What's the average benefit?
COLAs are important. But Social Security was
never meant to be a person’s primary source of income in retirement, say
experts.
Joseph Stenken, an advanced products
consultant for Ameritas, a Lincoln, Nebraska-based financial services company,
says the current maximum monthly benefit of $2,861, or $34,332 a year, should
be a reminder for pre-retirees of how much (or how little) Social Security is
available for them in retirement.
An even bigger reminder? Most beneficiaries
receive far less than the maximum monthly benefit. Consider this: The estimated
average monthly Social Security benefit payable in January 2019 was $1,461
for all retired workers, $2,448 for a couple both receiving benefits and
$1,386 for a widow or widower. And this suggests, says Stenken, “that someone
relying solely on Social Security for retirement income could be looking at a
tough retirement financially.”
A tectonic shift is underway
Men historically had been the bigger if not
only breadwinner in a household and were more likely than women to receive Social
Security under their own work record. But the gender gap is shrinking.
According to the booklet, the proportion of men who will receive Social
Security under their own work record declined slightly from 93% in 1970 to 90%
2018 while the proportion of women who have worked enough to receive Social
Security under their own work record increased dramatically — from 63% in 1970
to 86% in 2018.
This represents “a tectonic revolution” in
work and retirement, says Landis.
“In past decades, women made up a minority of
workers getting their ‘own’ Social Security, as opposed to a spousal
payment," Landis says. "Now women are a full 50% of ‘retired
worker’ beneficiaries. Women have independently earned their own Social
Security protection and payments.”
That doesn't mean that spousal payments are
obsolete. “Nearly every couple has a higher and a lower earner,” says Landis.
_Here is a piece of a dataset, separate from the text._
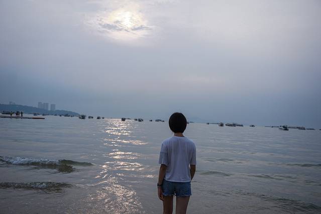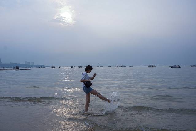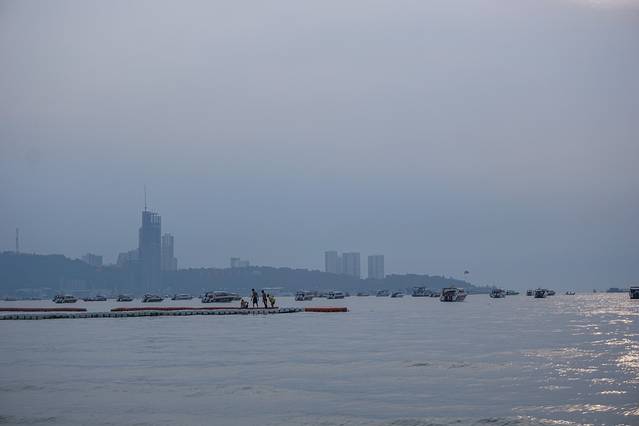 我们到 芭提雅 的这个下午天气不大好,刚刚下完小雨,天还没有完全放晴。我们只在海滩路随意逛了逛,海面上很多正在玩飞行伞拖曳伞和摩托艇的人,也有很多拿着水上项目价目表的人用中文问我们要不要玩。我们想着时间不早啦,明天再玩吧!没想到玩沙子玩水也一直玩到了太阳下山。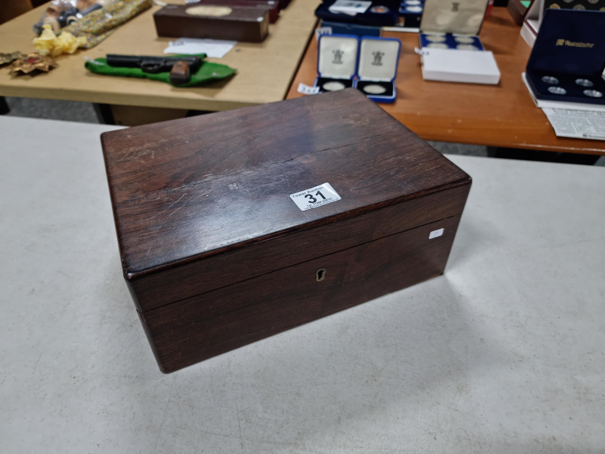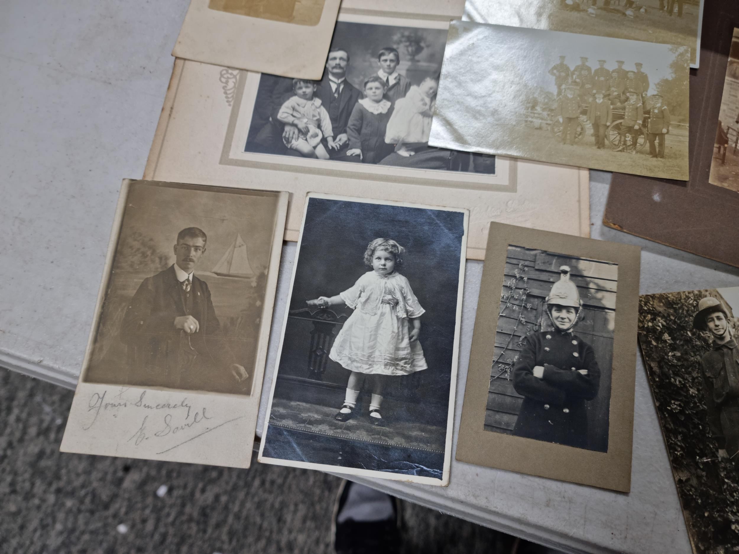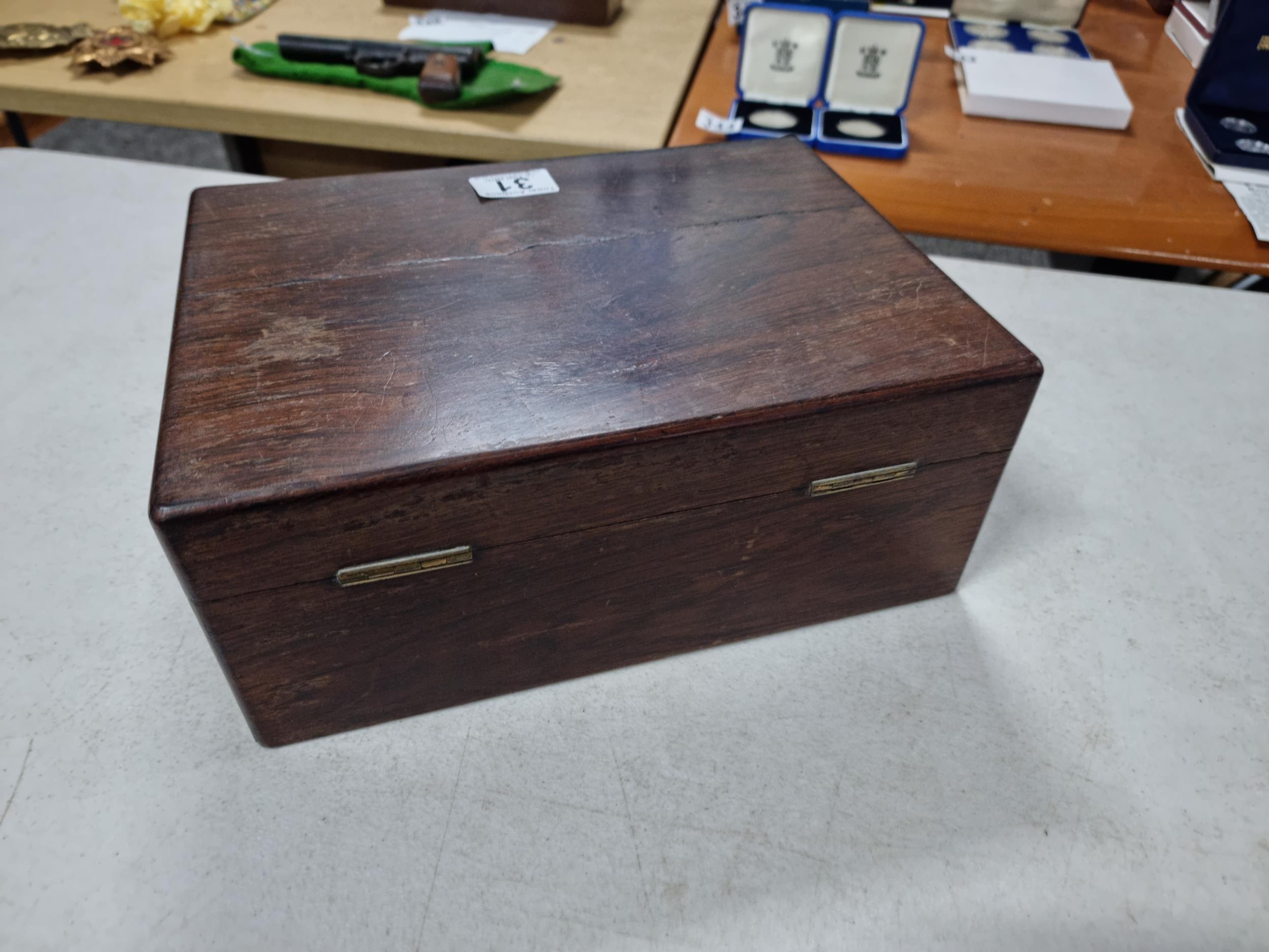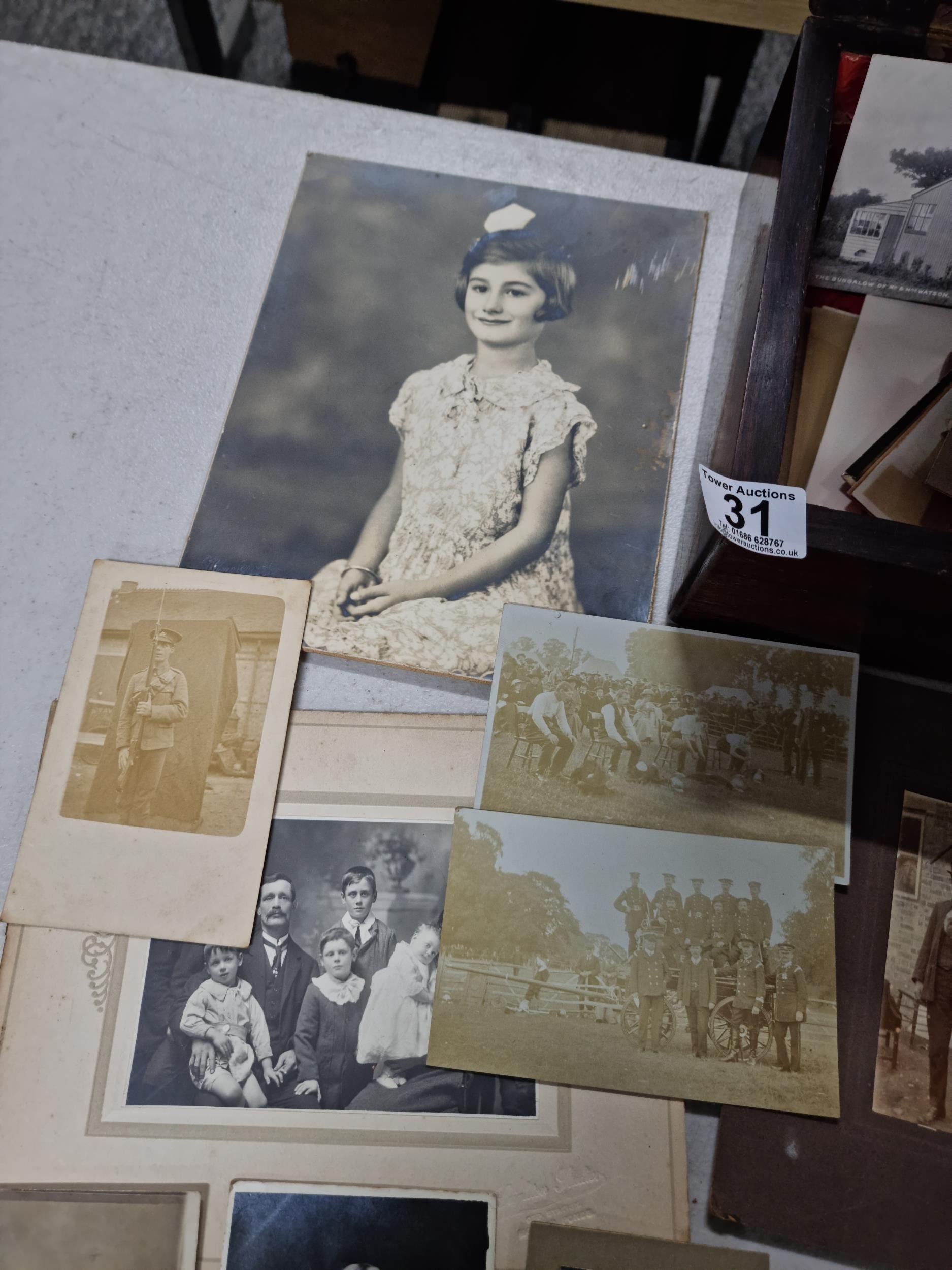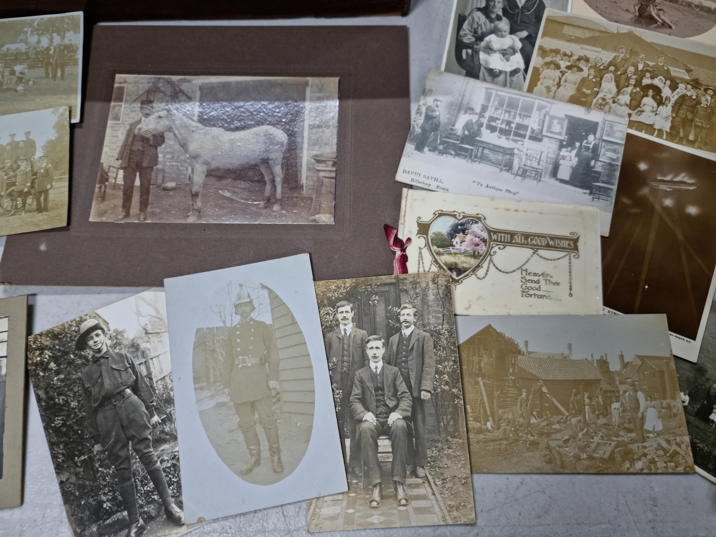 Good quality antique box containing a quantity of antique postcards and photographs inc military photos, wartime postcards, inc a The Strafer Strafed photo from 1916, please see pictures for more details, box measures 13cm high, 30cm long and 23cm deep

“Spousal payments establish a floor payment level even for the lower earner in
a couple.”
It's time for a Social Security fix
Social Security is not sustainable over the
long term at current benefit and tax rates, according to the booklet. Among
other facts and figures, the booklet notes that in 2010, the program paid more
in benefits and expenses than it collected in taxes and other noninterest
income. And the 2019 Social Security Trustees report projects this pattern to
continue for the next 75 years.
What’s more, the Trustees estimate that Social
Security’s trust fund reserves will be depleted by 2035. At that point, payroll
taxes and other income will flow into the fund but will be sufficient to pay
only about 80% of program costs.
Jim Blankenship, author
of "A Social Security Owner’s Manual," finds some comfort in those
projections.
“The outlook is just a bit better than it's
been in recent years,” he says. “Now we're looking at a depletion in 2035
versus 2033 and the projection is that 80% of benefits would be paid thereafter
if nothing changes. It has been 75% or lower.”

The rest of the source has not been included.